1923, when von Neumann was a university student in Zurich, he published a paper exceeding the ordinal number. The first sentence of the article bluntly stated that "the purpose of this article is to make Cantor's ordinal number concept concrete and precise". His definition of ordinal number has been widely adopted.
It is von Neumann's wish to explore axiomatization vigorously. From about l925 to l929, most of his articles tried to carry out this axiomatic spirit, even in theoretical physics research. At that time, his expression of set theory was particularly informal. At the beginning of his doctoral thesis on axiomatic system of set theory in 1925, he said, "The purpose of this thesis is to give an axiomatic exposition of set theory logically and irreproachable."
Interestingly, von Neumann foresaw the limitations of any form of axiomatic system in his paper, which vaguely reminded people of the incompleteness theorem proved by Godel later. Professor frankl, a famous logician and one of the founders of axiomatic set theory, once commented on this article: "I can't insist that I have understood everything, but I can safely say that this is an outstanding work, and I can see a giant through him".
1928, von Neumann published the article "Axiomatization of Set Theory", which is an axiomatic treatment of the above set theory. The system is very concise. It uses the first type object and the second type object to represent the set and the properties of the set in naive set theory. It takes a little more than one page to write the axioms of the system, which is enough to establish all the contents of naive set theory, thus establishing the whole modern mathematics.
Von Neumann's system may give the first foundation of set theory, and the finite axiom used has a logical structure as simple as elementary geometry. Starting from axioms, Von Neumann's ability to skillfully use algebraic methods to deduce many important concepts in set theory is simply amazing, which has prepared conditions for his interest in computers and "mechanization" proof in the future.

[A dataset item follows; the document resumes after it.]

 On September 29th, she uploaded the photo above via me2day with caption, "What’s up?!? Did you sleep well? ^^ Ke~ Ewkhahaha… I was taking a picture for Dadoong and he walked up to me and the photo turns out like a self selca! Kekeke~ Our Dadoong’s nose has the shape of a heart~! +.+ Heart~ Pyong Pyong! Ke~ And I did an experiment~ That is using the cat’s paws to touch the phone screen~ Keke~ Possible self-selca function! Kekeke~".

In the late 1920s, von Neumann participated in Hilbert's meta-mathematics project and published several papers to prove that some arithmetic axioms were not contradictory. 1927 The article "On Hilbert's Proof" has attracted the most attention, and its theme is to discuss how to get rid of contradictions in mathematics. The article emphasizes that the question put forward and developed by Hilbert and others is very complicated and has not been answered satisfactorily at that time. It is pointed out that Ackerman's proof of eliminating contradictions is impossible in classical analysis. Therefore, von Neumann gave a strict finiteness proof of the subsystem. This seems to be not far from the final answer Hilbert is looking for. Just then, 1930 Godel proved the incompleteness theorem. Theorem assertion: In an incongruous formal system containing elementary arithmetic (or set theory), the incongruity of the system is unprovable in the system. At this point, von Neumann can only stop this research.
Von Neumann also got a special result about set theory itself. His interest in mathematical basics and set theory continued until the end of his life. During the period of 1930 ~ 1940, von Neumann's achievements in pure mathematics were more concentrated, his creation was more mature and his reputation was higher. Later, in a question-and-answer table for the National Academy of Sciences, von Neumann chose the mathematical basis of quantum theory, operator ring theory and ergodic theorem of states as his most important mathematical work.

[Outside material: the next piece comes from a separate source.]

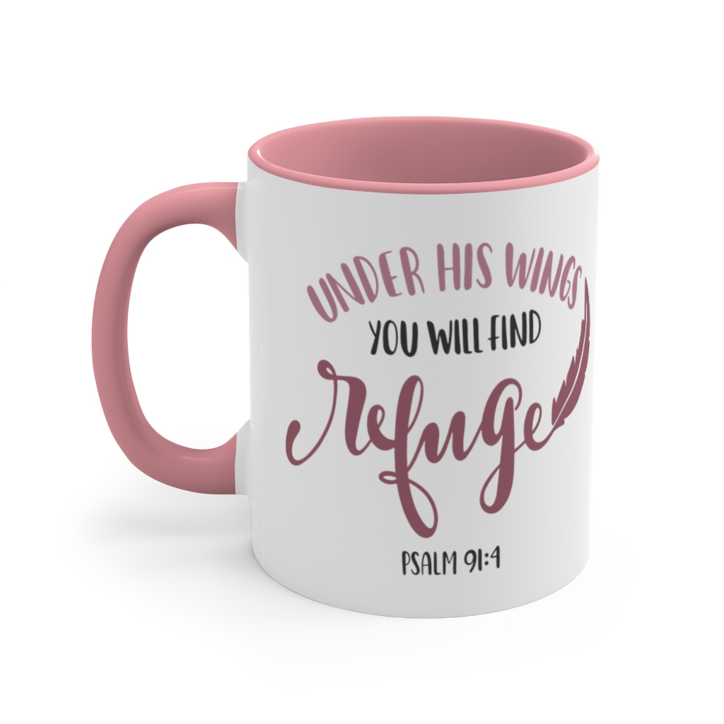 .: Material: white ceramic with colored interior and handle.: One size: 11 oz (0.33 l).: Rounded corners.: C-handle

1927 von Neumann has been engaged in the research work in the field of quantum mechanics. He co-published a paper "Fundamentals of Quantum Mechanics" with Silvito and Nordam. This paper is based on Hilbert's lecture on the new development of quantum mechanics in the winter of 1926. Nordem helped prepare the lecture, and von Neumann devoted himself to the mathematical formalization of the subject. The purpose of this paper is to replace the exact function relation in classical mechanics with probability relation. Hilbert's metamathematics and axiomatic scheme have been put into use in this dynamic field, and the isomorphic relationship between theoretical physics and corresponding mathematical system has been obtained. We can't overestimate the historical importance and influence of this article. In his article, Von Neumann also discussed the operational outline of observable operators in physics and the properties of self-adjoint operator. There is no doubt that these contents constitute the prelude to the book Mathematical Basis of Quantum Mechanics.

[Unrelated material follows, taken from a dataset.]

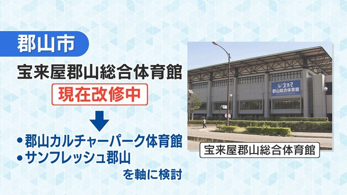 郡山市では、選挙の際は「宝来屋郡山総合体育館」を使っていましたが、現在改修中で使えません。そのため、「郡山カルチャーパーク体育館」や「サンフレッシュ郡山」を開票所として検討しているということです。

1932 The world-famous springer Publishing House published his Mathematical Basis of Quantum Mechanics, which is one of von Neumann's main works. The first edition is in German, the French edition is published in 1943, the Spanish edition is published in 1949, and the English translation is published in 1955. It is still a classic in this field. Of course, he has also done a lot of important work in quantum statistics, quantum thermodynamics, gravitational field and so on.
Objectively speaking, in the history of the development of quantum mechanics, von Neumann made at least two important contributions: Dirac's mathematical treatment of quantum theory was not strict enough in a sense, and von Neumann developed Hilbert operator theory through the study of unbounded operators, which made up for this deficiency; In addition, von Neumann clearly pointed out that the statistical characteristics of quantum theory are not caused by the unknown state of the observer engaged in measurement. With the help of Hilbert space operator theory, he proved that all the assumptions of quantum theory, including the correlation of general physical quantities, must lead to this result.
For von Neumann's contribution, Wegner, the winner of the Nobel Prize in Physics, once commented: "His contribution to quantum mechanics ensures his special position in the field of contemporary physics."
In von Neumann's works, operator spectrum theory and operator ring theory in Hilbert space occupy an important position, and the articles in this field account for about one-third of his published papers. They include a very detailed analysis of the properties of linear operators and an algebraic study of operator rings in infinite dimensional space.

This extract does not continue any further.